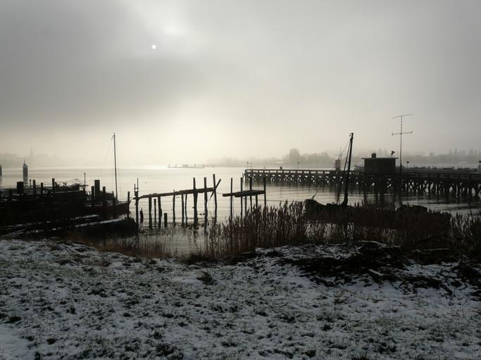 Keywords: harbour port river winter fog mist black and white crane snow pontoon jetty
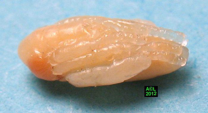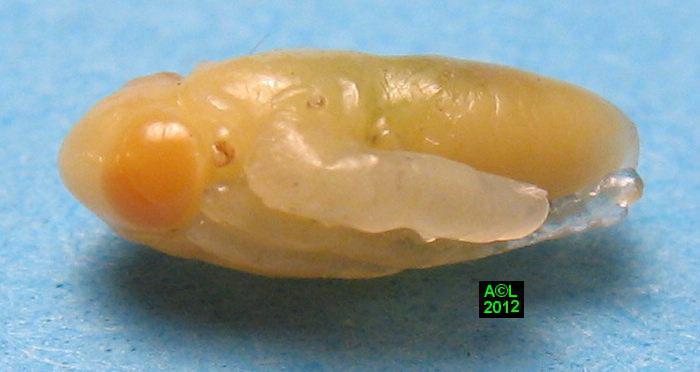 Une fois la pupe formée, les grandes manoeuvres de la métamorphose vont pouvoir commencer. Très schématiquement les organes et tissus de l'asticot vont disparaître (= "histolyse") au profit d'un amas cellulaire qui va progressivement s'organiser (= histogenèse) pour donner une nymphe, préfiguration de l'insecte adulte. Les illustrations ci-dessous témoignent du processus, et de la formation récente de la nymphe, eu égard à l'absence de pigmentation. Ces photos ont été réalisées une semaine après la formation des pupes.
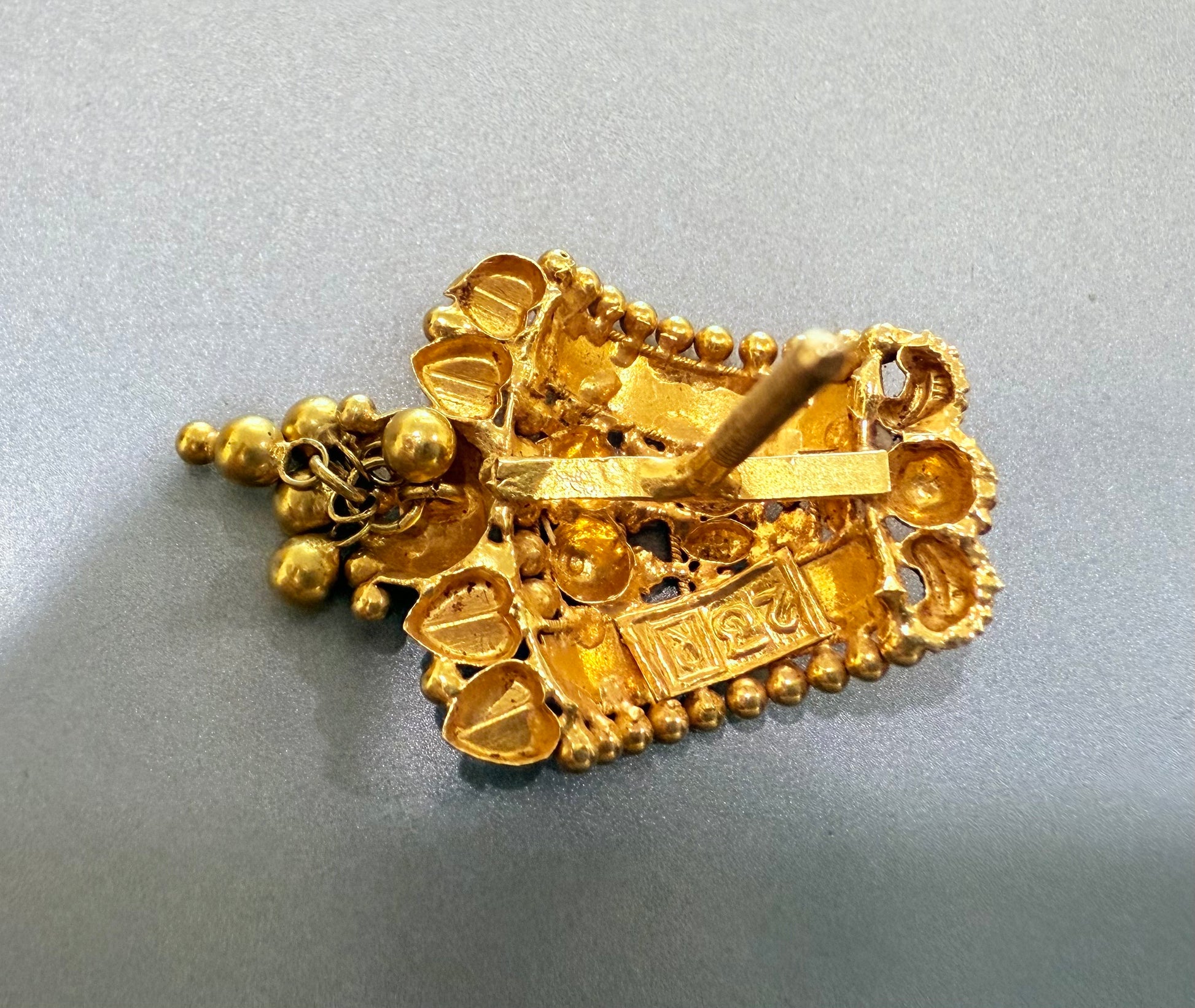 Add timeless elegance to your collection with these solid 23K gold earrings, crafted in a traditional style with intricate detailing and hand-finished gold bead accents. Lightweight, elegant, and rich in heritage.

==*==

Begin with the line holding "Une fois la" and end with the last line of the listing. Reproduce each of those lines exactly, and leave every picture out.

OUTPUT FOR THIS EXERCISE:
 Une fois la pupe formée, les grandes manoeuvres de la métamorphose vont pouvoir commencer. Très schématiquement les organes et tissus de l'asticot vont disparaître (= "histolyse") au profit d'un amas cellulaire qui va progressivement s'organiser (= histogenèse) pour donner une nymphe, préfiguration de l'insecte adulte. Les illustrations ci-dessous témoignent du processus, et de la formation récente de la nymphe, eu égard à l'absence de pigmentation. Ces photos ont été réalisées une semaine après la formation des pupes.
 Add timeless elegance to your collection with these solid 23K gold earrings, crafted in a traditional style with intricate detailing and hand-finished gold bead accents. Lightweight, elegant, and rich in heritage.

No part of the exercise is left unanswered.